In a world that requires a level of computational understanding for everyday communication that just a generation ago was rare, those who have chosen the convenience and sonic quality that digital audio for music playback offers can find themselves at odds with not only making it convenient, but even understanding exactly how it does what it’s doing.

The idea that jumping into computer-based audio is one of ease and that it makes CDs and LPs seems archaic in their physical attributes and constant need for attention is one that many audiophiles and music lovers have embraced with hope, only to be rebuffed by the inherent complexity of the medium.

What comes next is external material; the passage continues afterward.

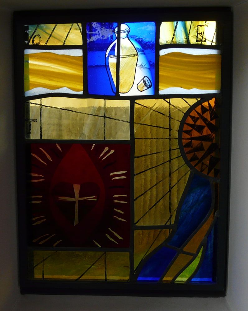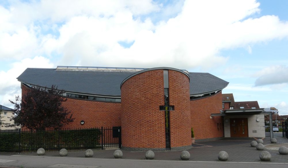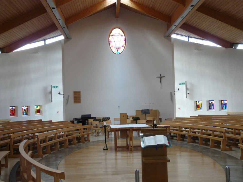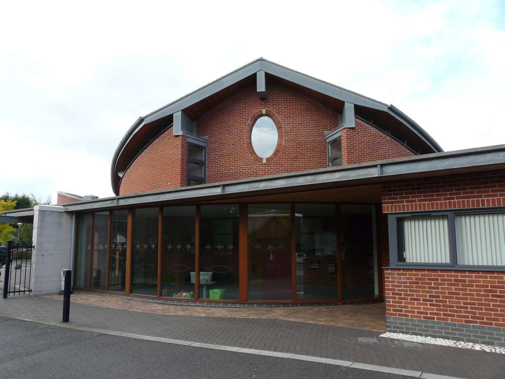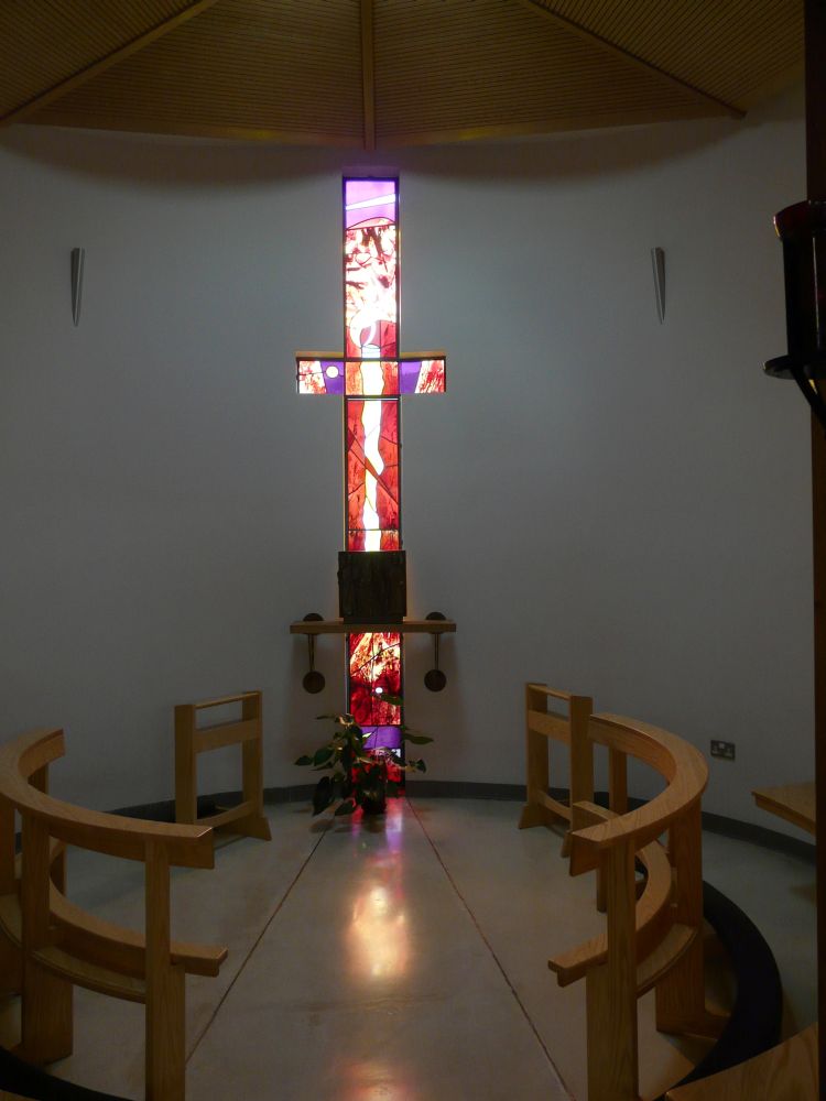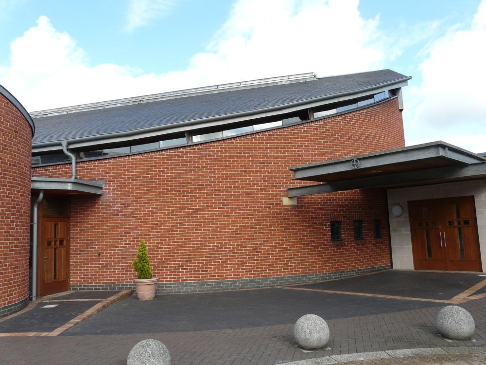 Designed by Francis Weal and Partners and built in 2003-05 to replace two earlier churches in the town. The glass is by Alex Le Rossignol.

Let’s be honest: It ain’t all easy. And the Internet and Google can be as confusing as they are helpful in getting the various streamers, servers, DACs, laptops or PCs, cables, routers and power supplies all in a row.

Once it’s all set up and running smoothly and one is casually browsing through software easily accessing millions of online albums or thousands of titles on local drives you have ripped from CD or downloaded from high-res sites, well, that’s the dream. But, the reality – to get to that point where everything is communicating properly with each other on the network – can be a whole other story.

Having a digital-audio front end running glitch-free alone is a huge accomplishment for most people diving in, and once acheived, should be acknowledged with a pat on the back. But, then there’s the whole part of understanding what is you’ve done and how it’s working in harmony to deliver you that sonic bliss you crave. How much do you need – or even want – to know?

There’s technology like ‘bit perfect,’ ‘asynchronous USB,’ ‘DoP,’ ‘aliasing,’ ‘bandwidth,’ ‘quantization,’ ‘PCM,’ ‘DSD,’ and of course ‘jitter’ and ‘word clock’ just to name a few. In this post it’s mostly the last two mentioned that we’re interested in discussing.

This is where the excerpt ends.